JAKARTA, KOMPAS.com - Ombudsman Republik Indonesia menilai adanya potensi konflik kepentingan dalam langkah pemerintah melakukan impor beras 500.000 ton dari Thailand dan Vietnam.
Anggota Ombudsman Ahmad Alamsyah Saragih mengatakan, konflik kepentingan ini dapat dilihat dari pihak yang ditunjuk sebagai importir.
Kementerian Perdagangan menunjuk PT Perusahaan Perdagangan Indonesia (PPI), yang merupakan salah satu Badan Usaha Milik Negara. Padahal, seharusnya yang diberikan tugas impor dalam upaya menjaga stabilitas harga adalah Bulog.

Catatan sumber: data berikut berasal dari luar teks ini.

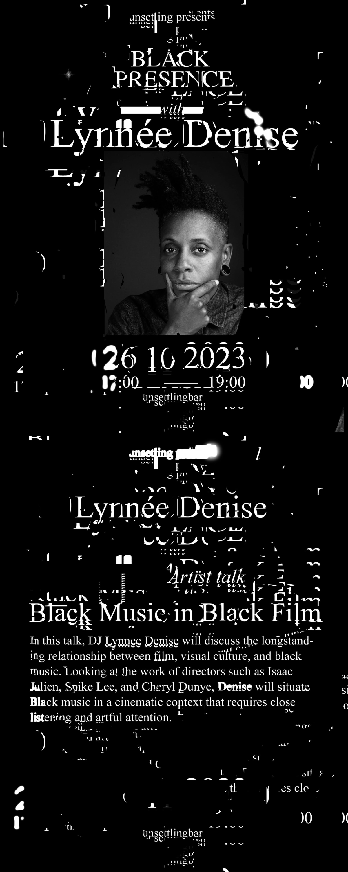 In this talk, DJ Lynneé Denise will discuss the longstanding relationship between film, visual culture, and black music. Looking at the work of directors such as Isaac Julie, Spike Lee, and Cheryl Dunye, Denise will saturate Black music in a cinematic context that requires close listening and artful attention.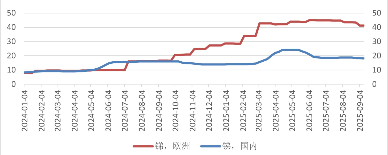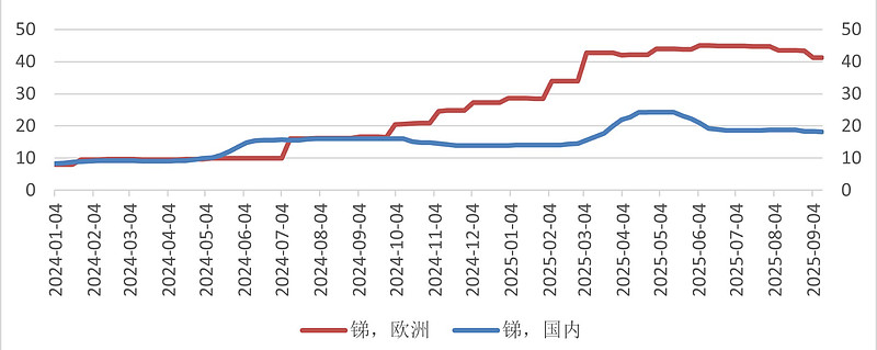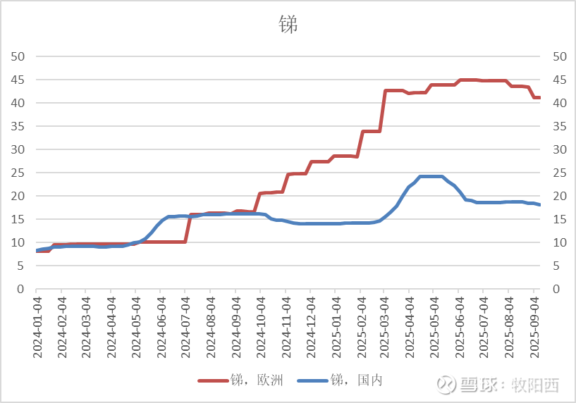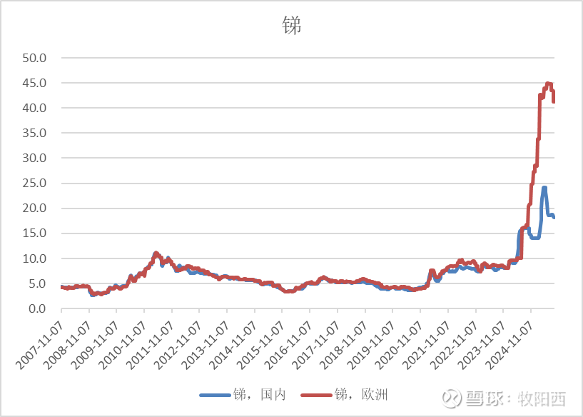 如前文所述,锑钨镁钽铬:五大小金属走到什么位置了?锑价此前长期横在10万以内,国内外价格也长期一致。而2024.07-2025.03,欧洲价格暴涨4倍,而国内价格只涨1倍到18万,主要是我国的出口管制政策影响了内外供需。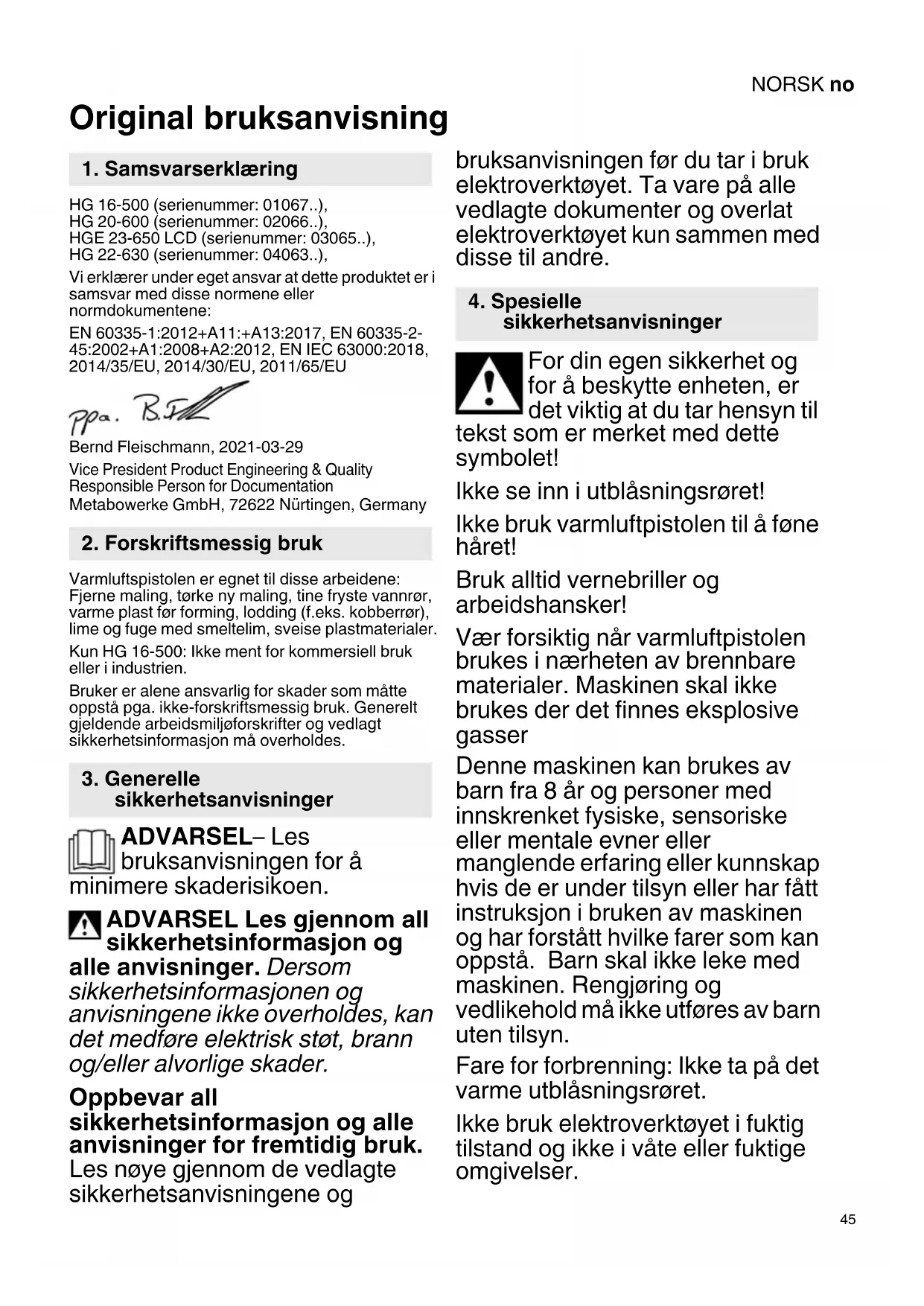 Original bruksanvisning HG 16-500 (serienummer: 01067..), HG 20-600 (serienummer: 02066..), HGE 23-650 LCD (serienummer: 03065..), HG 22-630 (serienummer: 04063..), Vi erklærer under eget ansvar at dette produktet er i samsvar med disse normene eller normdokumentene: EN 60335-1:2012+A11:+A13:2017, EN 60335-2- 45:2002+A1:2008+A2:2012, EN IEC 63000:2018, 2014/35/EU, 2014/30/EU, 2011/65/EU Bernd Fleischmann, 2021-03-29 Vice President Product Engineering & Quality Responsible Person for Documentation Metabowerke GmbH, 72622 Nürtingen, Germany Varmluftspistolen er egnet til disse arbeidene: Fjerne maling, tørke ny maling, tine fryste vannrør, varme plast før forming, lodding (f.eks. kobberrør), lime og fuge med smeltelim, sveise plastmaterialer. Kun HG 16-500: Ikke ment for kommersiell bruk eller i industrien. Bruker er alene ansvarlig for skader som måtte oppstå pga. ikke-forskriftsmessig bruk. Generelt gjeldende arbeidsmiljøforskrifter og vedlagt sikkerhetsinformasjon må overholdes. ADVARSEL– Les bruksanvisningen for å minimere skaderisikoen. ADVARSEL Les gjennom all sikkerhetsinformasjon og alle anvisninger. Dersom sikkerhetsinformasjonen og anvisningene ikke overholdes, kan det medføre elektrisk støt, brann og/eller alvorlige skader. Oppbevar all sikkerhetsinformasjon og alle anvisninger for fremtidig bruk. Les nøye gjennom de vedlagte sikkerhetsanvisningene og bruksanvisningen før du tar i bruk elektroverktøyet. Ta vare på alle vedlagte dokumenter og overlat elektroverktøyet kun sammen med disse til andre. For din egen sikkerhet og for å beskytte enheten, er det viktig at du tar hensyn til tekst som er merket med dette symbolet! Ikke se inn i utblåsningsrøret! Ikke bruk varmluftpistolen til å føne håret! Bruk alltid vernebriller og arbeidshansker! Vær forsiktig når varmluftpistolen brukes i nærheten av brennbare materialer. Maskinen skal ikke brukes der det finnes eksplosive gasser Denne maskinen kan brukes av barn fra 8 år og personer med innskrenket fysiske, sensoriske eller mentale evner eller manglende erfaring eller kunnskap hvis de er under tilsyn eller har fått instruksjon i bruken av maskinen og har forstått hvilke farer som kan oppstå. Barn skal ikke leke med maskinen. Rengjøring og vedlikehold må ikke utføres av barn uten tilsyn. Fare for forbrenning: Ikke ta på det varme utblåsningsrøret. Ikke bruk elektroverktøyet i fuktig tilstand og ikke i våte eller fuktige omgivelser.

Baca juga : Kenapa Pemerintah Buka Keran Impor Beras?
Hal ini diatur dalam Pasal 3 ayat (2) huruf d Perpres No. 48/2016 dan diktum ketujuh angka 3 Inpres No. 5/2015.
"Penunjukan PT PPI sebagai importir berpotensi melanggar Perpres dan Inpres," kata Alamsyah dalam jumpa pers di Kantor Ombudsman, Jakarta, Senin (15/1/2018).
Alamsyah mengatakan, sebelum memutuskan impor beras oleh PT PPI, Menteri Perdagangan Enggartiasto Lukita telah menerbitkan Permendag Nomor 1/2018. Peraturan itu mengatur BUMN bisa melakukan impor secara langsung.
Baca juga : Jalan Panjang Mendag Keluarkan Kebijakan Impor Beras
Ombudsman menilai aturan tersebut dibuat begitu cepat dan tanpa sosialisasi juga berpotensi mengabaikan prosedur dan mengandung potensi konflik kepentingan.
"Ada konflik kepentingan dengan Permendag Nomor 1 untuk mengatur agar BUMN bisa mengimpor secara langsung dan kemudian ditunjuk lah PT PPI sebagai importir," kata Alamsyah.
Padahal, Alamsyah menilai, PT PPI tidak berpengalaman melakukan operasi pasar.
Alamsyah pun mempertanyakan, nantinya untuk siapa keuntungan yang didapat pemerintah dari impor beras ini. Ia menghitung, keuntungan dari impor ini bisa mencapai triliunan rupiah.
"Apakah jadi keuntungan PT PPI atau yang lain," kata dia.